Page 19 of Tell Me Again

Two tables are occupied at eight thirty. Predictable, like nearly every Monday morning since I started working here. Old Joe McClellan and his wife, Tammy, sit together on one side of a booth, sharing Mel’s French toast special, and Angie’s at her booth near the front door, seated cross-legged with her back up against the wall as she reads a book and sips her third cup of coffee. She waves me over on my way back out of the kitchen.

“Coop, have you read this one?! Seriously! It’s—” She starts laughing, although she tries to muffle the sound into her book.

I just shake my head and top off her coffee. “Ang, I should probably be bringing you decaf, huh?”

“No, no, you don’t understand, see, there’s this guy, and he wakes up one morning and just BOOM! outta nowhere, he’s got all these crazy superpowers! Flying and super strength and...”

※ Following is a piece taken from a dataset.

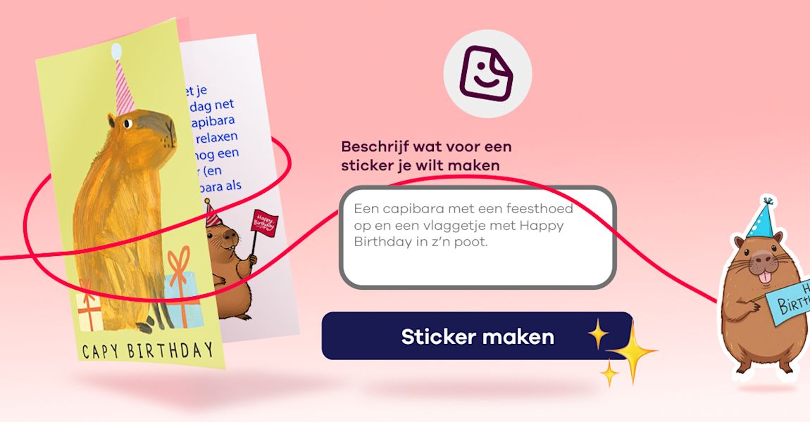 Versier je kaart met stickers, foto’s, een persoonlijke video of laat Teksthulp een uniek berichtje schrijven!

Behind me, the door opens, and I fucking swear I feel him enter the room. Like some sort of scene from a movie or some shit. Like he’s got some force pulling me toward him. Magnetism, maybe. Yeah, that’s it. He’s fucking magnetic, and I feel it and I just want to turn around and let myself be drawn in his direction.

Angie’s still going on and on about the book she’s reading or something, oblivious that I’m not even hearing her, but it’s like my body is suddenly on high alert. Fucking traitorous body that’s suddenly much too warm. We want nothing to do with him, remember? We... Oh god, I can smell his aftershave, even from here, and it’s sexy as hell. Shit.

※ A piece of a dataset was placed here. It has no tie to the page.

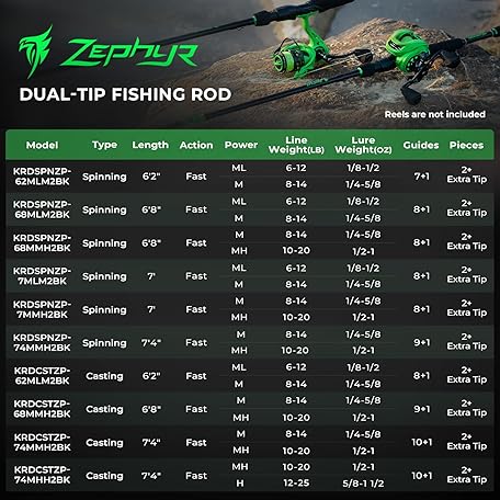 KastKing Zephyr Dual Tip Fishing Rod, Lightweight KastFlex IM6 Graphite Spinning & Casting Rod, Fuji O-Ring Guide, Dual Tips Section for Different Powers, Drop Shot Hook Keeper, EVA Grip

I paste a fake smile on my face, because other people are around, and I nod at whatever Angie says, even though I didn’t hear it. “Yeah, sure, Ang.”

She lights up, her green eyes dancing. “Ah-ha! Finally! Mel! He’s finally going to do it!”

Shit. What did I just agree to? “Ang, what the f—”

Mel pops her head out from the kitchen and glances at me and then toward where I can still feel Josh standing just inside the diner. She scowls and tips her head—her way of telling me to get the fuck back to work.

Angie giggles, almost like she’s happy that Mel had to give me the silent scolding. Yeah, real cool, Ang, thanks. Then she grins at me again.

“You gonna help that poor guy, or just let him stand there, staring at the ground?” she says with another grin.

Poor guy. Yeah. Poor fucking Josh.

Angie winks and then picks her coffee cup back up. “Thanks, Coop.”

“You’re welcome, Ang.”

I smile, because customer service is important here at Mel’s Diner. And I turn around stiffly, resisting that fucking magnetism or whatever the hell it is. My smile only lasts until he looks up at me with those gorgeous blue eyes of his that are just so full of some mix of regret and discomfort. Then I’m scowling again.

“What the fuck are you doing here?”

Okay, no, that’s not really what I say. Because customer service. I want to, though.

Instead, I take a step back, still resisting that pull. God, I’m warm all over, and those fucking gorgeous eyes are almost too much. I force myself to take a breath.

“Hey, uh, are you here to eat, or...?” Fucking stupid question, I know. But what the hell am I supposed to say? My brain already vetoed “What the fuck are you doing here?” And I’m sort of out of other options.

“Um, yeah, actually. Can I just sit . . . ?”

He motions toward the counter, his eyes pleading with me now, like his voice did the other day in the parking lot at Amy’s. Something inside me kinda breaks, and it hurts all over again.

I screw my eyes shut, but I can’t unsee the pain in his expression, just as I can’t unhear the grief in his voice from yesterday, when he’d been begging me to let him apologize. Fuck.

“Yeah, you can sit wherever you want. I’ll grab you a menu.”

I turn around and start back toward the kitchen. I’m still holding a pot of coffee in one hand, and if I keep lingering any longer, it’s gonna start to get cold. At least that’s the excuse I use to convince my feet to get moving. And the farther away from him I get, the more it hurts. That seems backwards to me, but whatever.

Just through the doors into the kitchen, I set the coffee pot back down on its warming plate and then lean against the wall for half a second, letting my eyes close again. My hands are shaking, and my heart’s racing, and I feel sick. And cold.

“Don’t fuckin’ tell me you’re gonna be sick again, Coop. I can’t deal with that shit today.”

I groan and open my eyes. Mel’s stopped what she’s doing—making a pie or something, I’m not entirely sure—and she’s watching me. I shake my head as I push myself away from the wall.

“I’m fine,” I say. But because I’m really not, I quickly add, “I mean, I’m not gonna be sick, Mel. I just... needed a minute.”

She’s curious, maybe? It’s hard to tell with her sometimes. But thankfully, she doesn’t ask. She just gives me a quick nod.